According to PIAF Vice Chairman Khawaja Shahzeb Akram, the government would have to concentrate on hydropower generation as thermal electricity would not only be very costly but it would also increase import bill. Thermal power units could be a stopgap arrangement, but their use for a long term would hit the economy hard. He was of the view that the industrial production would remain sluggish and all the targets of trade policy would remain unfulfilled unless and until measures were taken to expedite industrial activities by reducing cost of doing business.
A leader of PIAF, Irfan Qaiser Sheikh said the trade policy would leave a positive impact, particularly the provision of subsidy on inland freight and insurance cover to the foreign buyers who are presently reluctant to visit Pakistan, would play a key role in giving boost to the country's exports. He was of the view that the trade policy would help reduce increasing trade deficit.
Lahore Chamber of Commerce and Industry (LCCI) appreciated the federal government for accepting a number of its demands in the new trade policy. It called for technological advancement to cope with multiple challenges being faced by the local industry.
The LCCI President Mian Muzaffar Ali said the establishment of Hedge Fund would play an important role to support the business community. The life insurance cover to the international buyers intending to visit Pakistan would help enhance the country's exports while the inland freight subsidy announced in the policy would give a boost to the export oriented industries, which in turn would help stabilize the country's economy, he said.
The government would have to take and implement a proper strategy to overcome supply side constraints, including the development of infrastructure, he added.
Senior Vice President Tahir Javed Malik said the hedge fund would help contain the cost of capital, cost of imports and inflation for export-oriented industries by bearing the additional cost from the fund.
Another LCCI member Shamim Akhter asked the government to ensure implementation on the steps announced in the policy for the economic revival of the country. "There is no doubt in it that the policy for a three-year term is bound to yield positive results as it would ensure continuity in trade-related policies that is a long standing demand of the LCCI," she added. The objectives set in the policy are achievable but the exporters need conducive business environment and steps to reduce the cost of doing business to compete in the international market, she added.
She further said the government decision to motivate commercial attaches posted abroad to attract foreign investors would go a long way in the revival of the economy. However, she said the government would have to focus on product diversification to increase to volume of exports to the desired levels.

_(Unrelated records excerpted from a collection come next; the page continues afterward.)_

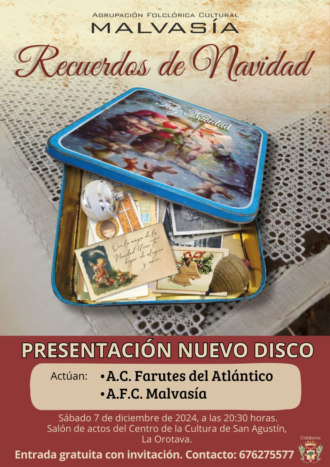 No te pierdas la presentación del nuevo disco "Recuerdos de Navidad" de la Agrupación Folclórica Cultural Malvasía.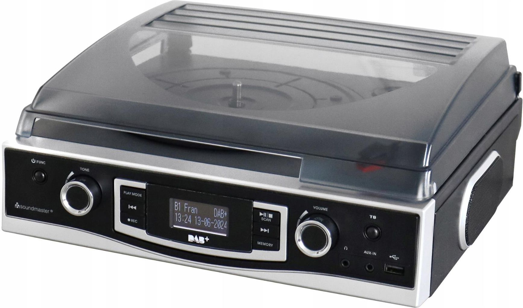 CECHY Odtwarzacz płyt winylowych Wbudowany moduł Bluetooth Radio DAB+ i FM Odtwarzacz CD/MP3 Port USB z funkcją nagrywania Soundmaster PL910 – wszechstronne centrum muzyczne Soundmaster PL910 to zaawansowane centrum muzyczne z serii Elite Line, które łączy w sobie klasyczny design z nowoczesnymi funkcjami. Urządzenie umożliwia odtwarzanie muzyki z różnych źródeł, zapewniając bogate i wszechstronne doświadczenia dźwiękowe. Wszechstronność odtwarzania PL910 pozwala na odtwarzanie płyt winylowych z prędkościami 33 1/3, 45 oraz 78 obr./min, co umożliwia słuchanie zarówno nowoczesnych, jak i starszych nagrań. Dodatkowo, wbudowany odtwarzacz CD/MP3 oraz tuner radiowy DAB+ i FM rozszerzają możliwości urządzenia, pozwalając na korzystanie z różnorodnych źródeł muzyki. Nowoczesna łączność Dzięki wbudowanemu modułowi Bluetooth, PL910 umożliwia bezprzewodowe strumieniowanie muzyki z kompatybilnych urządzeń, takich jak smartfony czy tablety. Port USB z funkcją nagrywania pozwala na digitalizację ulubionych utworów z płyt winylowych czy CD, co ułatwia ich archiwizację i odtwarzanie na innych urządzeniach. Czym jest gramofon? Gramofon to urządzenie służące do odtwarzania dźwięku zapisanego na płytach winylowych. Dzięki obrotowemu talerzowi i igle poruszającej się w rowkach płyty, gramofon odczytuje zapis analogowy i przekształca go w dźwięk. Współczesne gramofony, takie jak Soundmaster PL910, łączą tradycyjną funkcjonalność z nowoczesnymi technologiami, oferując dodatkowe opcje odtwarzania i łączności. Specyfikacja brązowy Bluetooth Port USB Odtwarzacz CD/MP3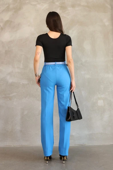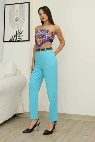 Kemer Detaylı Beli Lastikli Keten Pantolon 6167-Turkuaz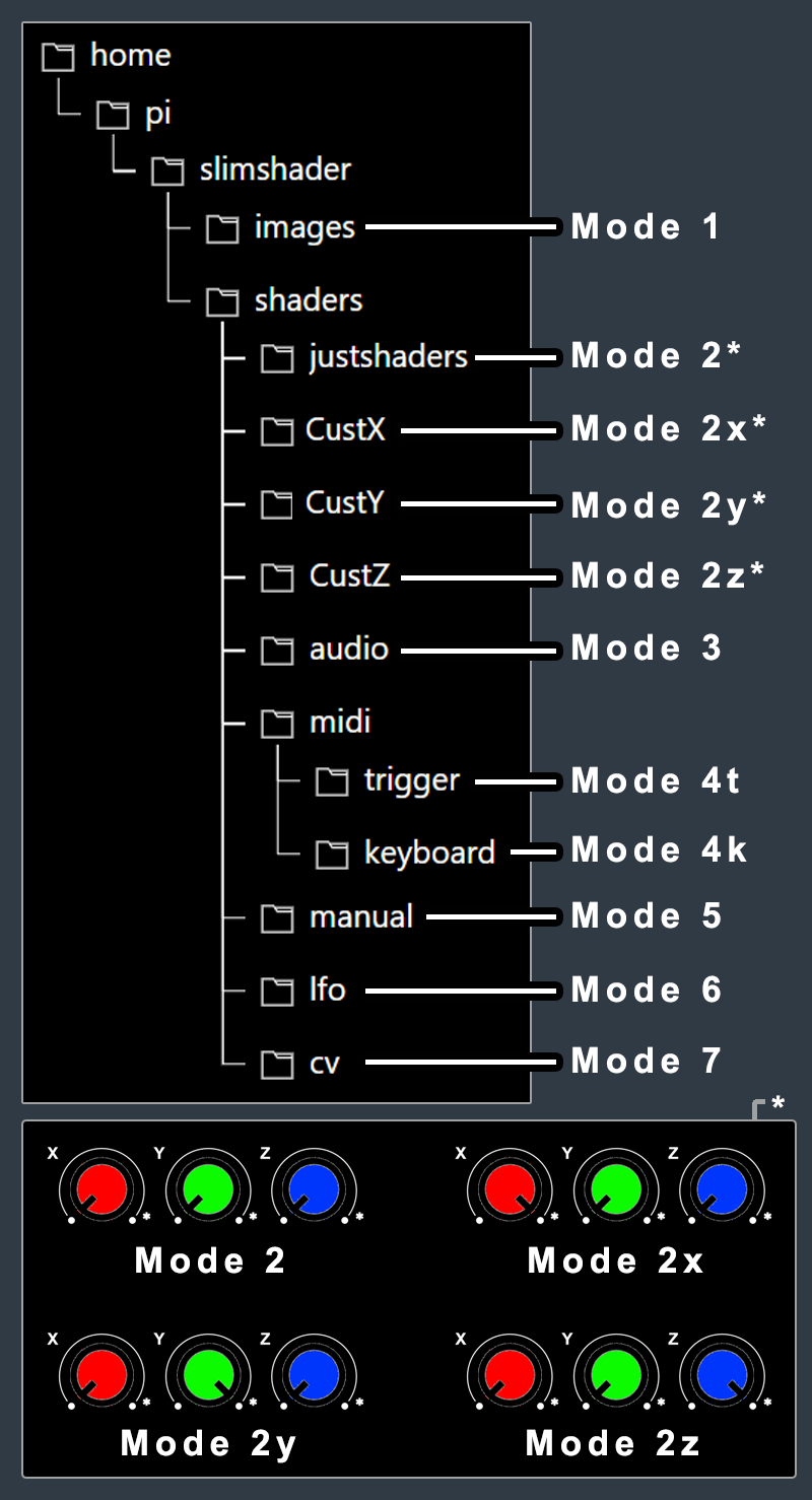 Before going through each mode, please have a look at the Raspberry PI's directory structure of the Slimshader module. The directories shown below are locations where you can find the images and shaders used for each of the 7 modes.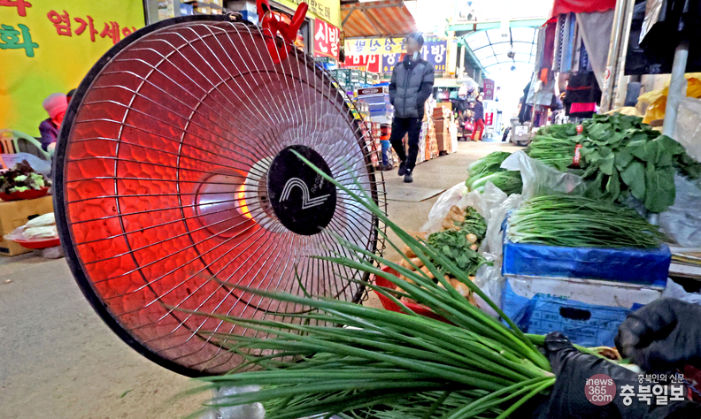 휴일인 18일 청주의 한 전통시장에서 상인이 전기난로에 손을 녹이며 파를 다듬고 있다. 청주기상청은 이번 주 충북 대부분 지역에 강한 한파가 찾아올 것으로 예보했다.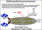 The ProteinChip Array contains hundreds of multiple, addressable locations of chemically or biologically defined protein binding surfaces arranged as wells of 1mm diameter or smaller. The arrays contain various kinds of functional groups—from antibodies and receptors to chromatographic surfaces—to capture proteins. Minute quantities of samples such as serum, urine, or tissue extracts, can be incubated directly on the chip, without having to purify the proteins first. After the chip has had a chance to bind molecules in the sample, and unbound material is washed away, it is treated with short bursts of laser light, releasing and ionizing the proteins, which are accelerated to a detector. The time-of-flight required for proteins to reach the detector is calculated to determine the molecular weight of each released protein. The result is graphically displayed as a protein profile of all captured proteins from a particular sample. The ability to use multiple array surfaces amplifies the ability to rapidly define complex protein compositions by simultaneously investigating a variety of purification conditions.
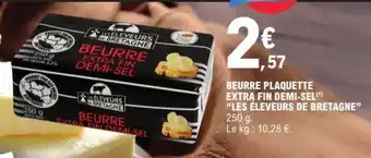 Offre BEURRE PLAQUETTE EXTRA FIN DEMI-SEL LES ELEVEURS DE BRETAGNE chez E.Leclerc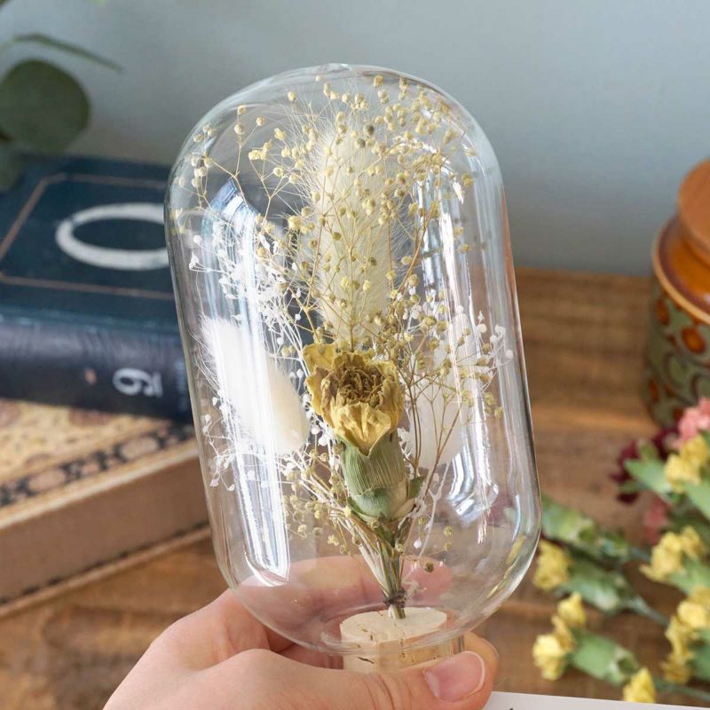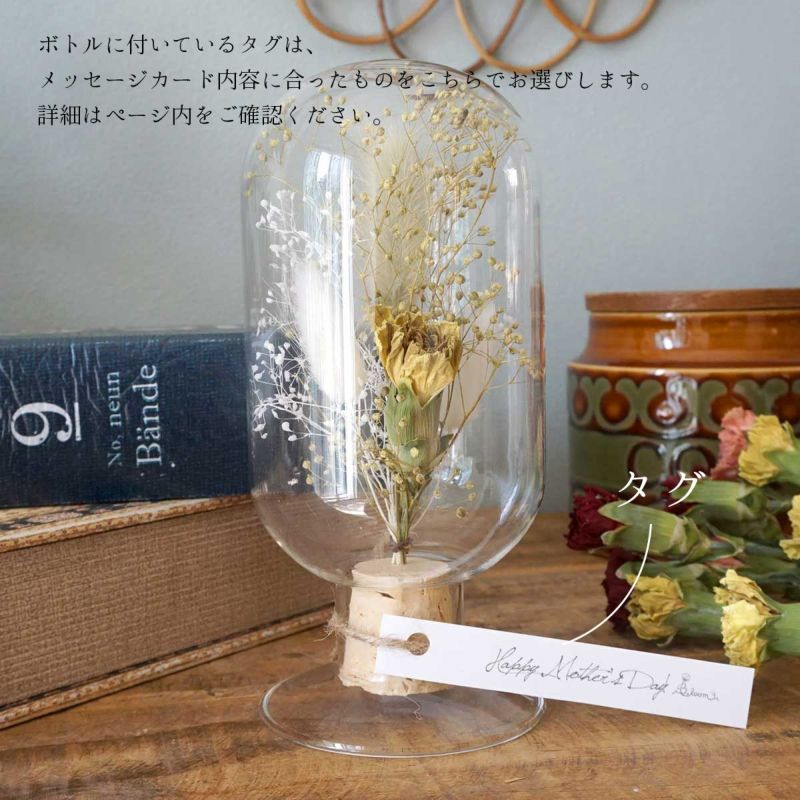 ガラスボトルの中に当店で生花からドライフラワーに加工したカーネーションやソフトカスミソウ、ラグラスを入れました。ボトルなので置いていただくだけで、簡単に飾っていただけます。散りにくいのでお手入れも簡単です。親しい友人や恋人、ご家族へ気持ちを込めたプレゼントにいかがでしょうか?

The Pak-India Business Council has also welcomed the government's decision to grant subsidy and special concession for introduction of new textile engineering products, daily use items, and medicines in the new three-year trade policy (2009-12).
The Council thanked President Asif Ali Zardari, Prime Minister Yousuf Raza Gilani and Commerce Minister Amin Fahim for making the policy for three years, instead of one year. It praised government decision to allow import of used machinery for oil and gas exploration. It also welcomed the decision to allocate 25 percent share to regional trade and hoped that it would be a positive step towards the betterment of strong trade relations with the neighboring countries.